La señorita Leonides caminó pegada a las paredes, los ojos bajos, el cuerpo tieso, el paso enérgico y casi marcial, como con­viene que camine a esas horas una mujer sola si además es honesta y por añadidu­ra soltera, aunque tenga cincuenta y ocho años. Porque nunca se sabe.
(Pero, ¿quién se hubiera atrevido a abordarla? Vestida toda de negro, de pies a cabeza, en la cabeza un litúrgico som­brero en forma de turbante, al brazo una cartera que semejaba un enorme higo po­drido, la figura alta y enteca de la seño­rita Leonides cobraba, entre las sombras, un vago aire religioso. Se la hubiera podi­do confundir con un pope que al abrigo de la noche huía de alguna roja matanza, si la sonrisa que le distendía los labios no mostrase que, por lo contrario, aquel pope corría a oficiar sus ritos).

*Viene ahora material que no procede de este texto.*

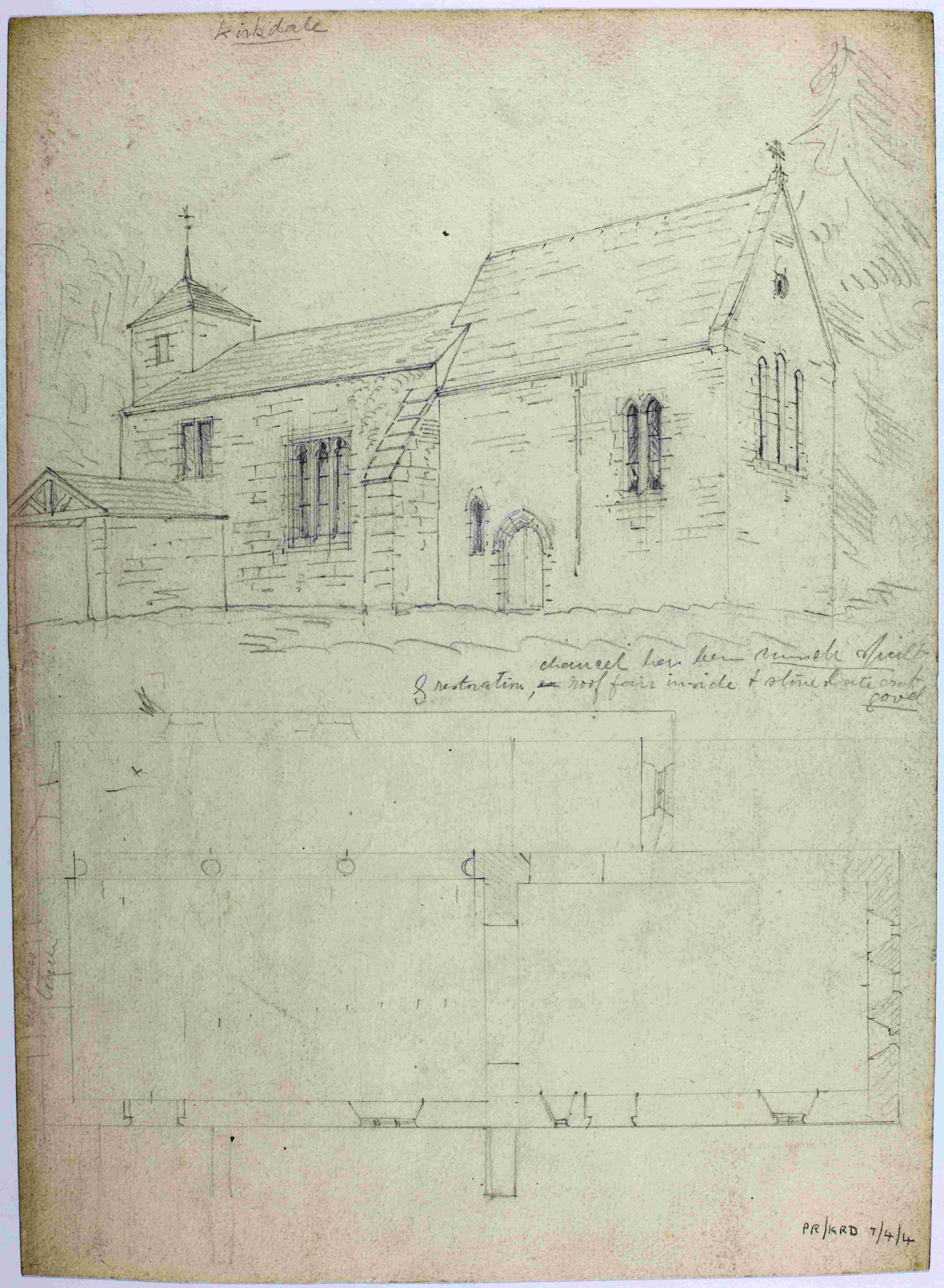 Pencil drawings of Kirkdale church elevation in connection with restoration of chancel, and plan of chancel, unsigned and undated (early-20th century) [PR/KRD 7/4/4-5]
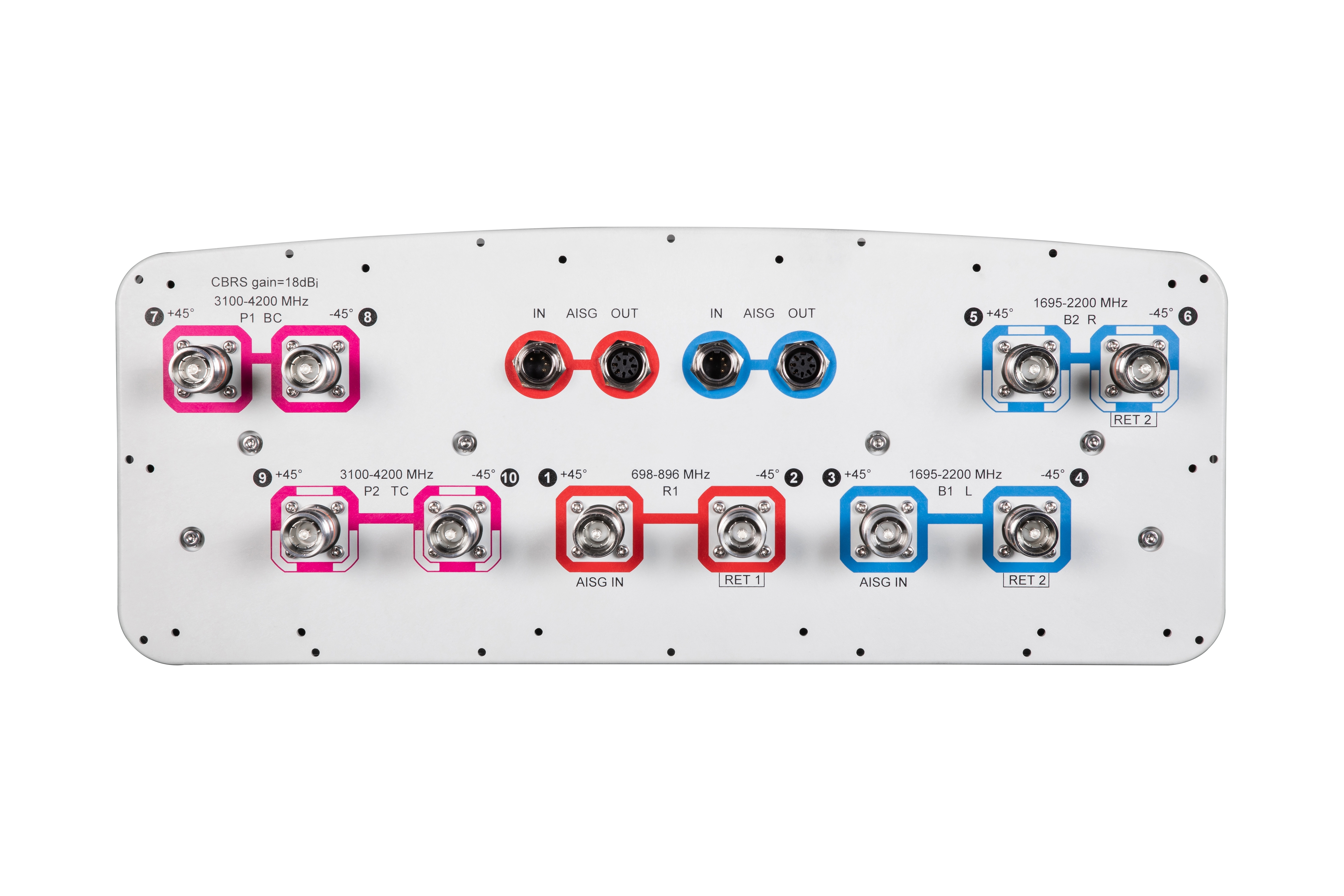 10-port sector antenna, 2x 698–896, 4x 1695–2200 MHz and 4x 3100-4200, 45° HPBW, 2x RETs and 2x SBTs. Both high bands share the same electrical tilt.
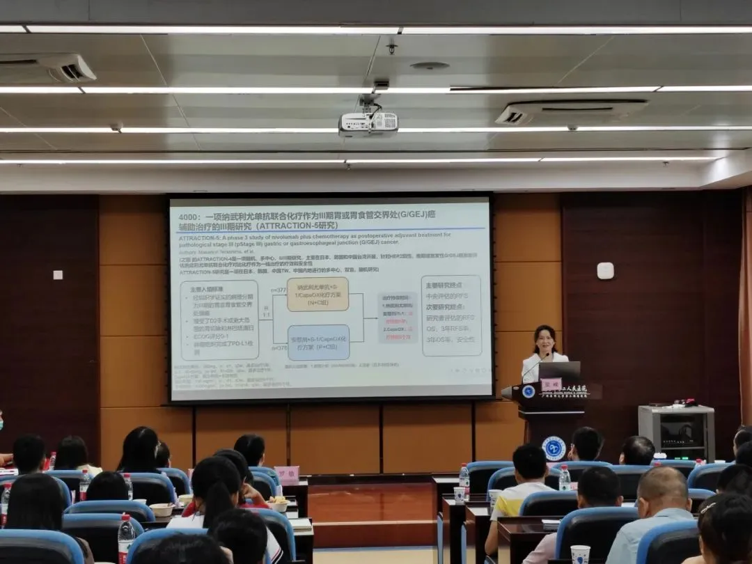 随后的学习培训环节,由广西中医药大学第一附属医院肿瘤科王志光教授、广西医科大学附属肿瘤医院梁嵘教授、周绍章教授、广西区人民医院化疗科谢嫣嫣教授、我院肿瘤科主任罗敏教授,就肿瘤相关质控内容作精彩授课。各位专家分别就肺癌、胃癌、结直肠癌、乳腺癌、肝癌等最新治疗进展进行深入的讲解。另外,我院肿瘤科团队、南宁市第一人民医院肿瘤科团队、宾阳县人民医院肿瘤科团队、南宁市第十人民医院肿瘤科团队分别带来了精彩的病例分享。
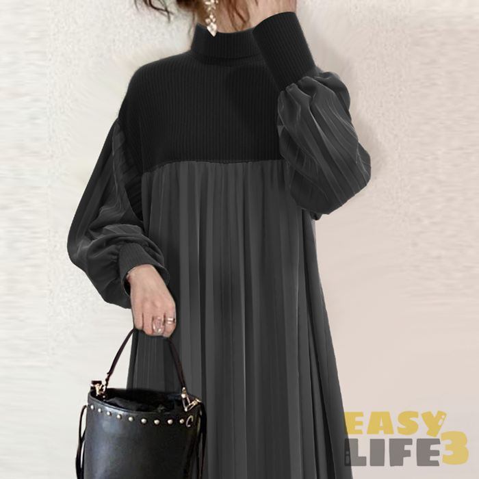ロング ワンピース 春 秋 冬 レディース きれいめ 長袖 マキシワンピース 切り替え プリーツワンピース マキシ丈 ロングワンピース ニット フリルドレス 体型カバー カジュアル オフィス OL おしゃれ ハイネック 大人 可愛い パフスリーブ ゆったり 通勤 20代 30代 40代 50代

Marchaba tan de prisa que las rodillas, filosas y puntiagudas, golpeteaban en la falda del vestido, en el ruedo del tapado, y vestido y tapado le bailaban alrededor de las piernas como una agua revuelta en la que chapotease, y de cuyas salpicadu­ras parecía querer salvar el ramito de hojas y de flores que sostenía reverente­mente con ambas manos a la altura del pecho.
Al llegar a la casa de aquel niño para­lítico que una vez le había sonreído de­positó sobre el umbral de la puerta de calle una flor de pasionaria, inclinó la frente, y en voz alta rezó: “Oh, Señor, a cuya voluntad corren los momentos de nuestra vida, acoge las ruegos y ofrendas de tus siervos, que te imploran por la salud de los enfermos, y sánalos de todo mal”.
Siguió caminando.
En el balcón de la casa de Ruth, Edith y Judith Dobransky puso una rama de vincapervinca atada con una cinta rosa, y oró: “Que el Dios de Israel sea el taber­náculo de tu virginidad, oh doncella, y te salve de las tentaciones de la ser­piente”.
Siguió caminando.
Arrojó tres hojas de cineraria en el jardín de un chalet frente al cual, varios días antes, había visto detenido un corte­jo fúnebre, y en un intrépido latín musi­tó: “Requiem ae ternam dona eis, Domine, y lux perpetua luceat eis”.
Siguió caminando.
Ahora le llegaría el turno a Natividad González. A esa mujerzuela le dejaba dia­riamente, desde hacía meses, una ostentosa rama de ortiga. La señorita Leonides tenía decidido que la rama de ortiga fue­se como una esquela donde, sin usar ma­las palabras pero con todos sus puntos y comas, se invitara a la destinataria a mu­darse de barrio. Pero Natividad González parecía ser analfabeta al idioma de la ortiga y no se mudaba nada. De modo que la señorita Leonides se veía en la pe­nosa obligación de insistir en sus urti­cantes intimaciones de desalojo.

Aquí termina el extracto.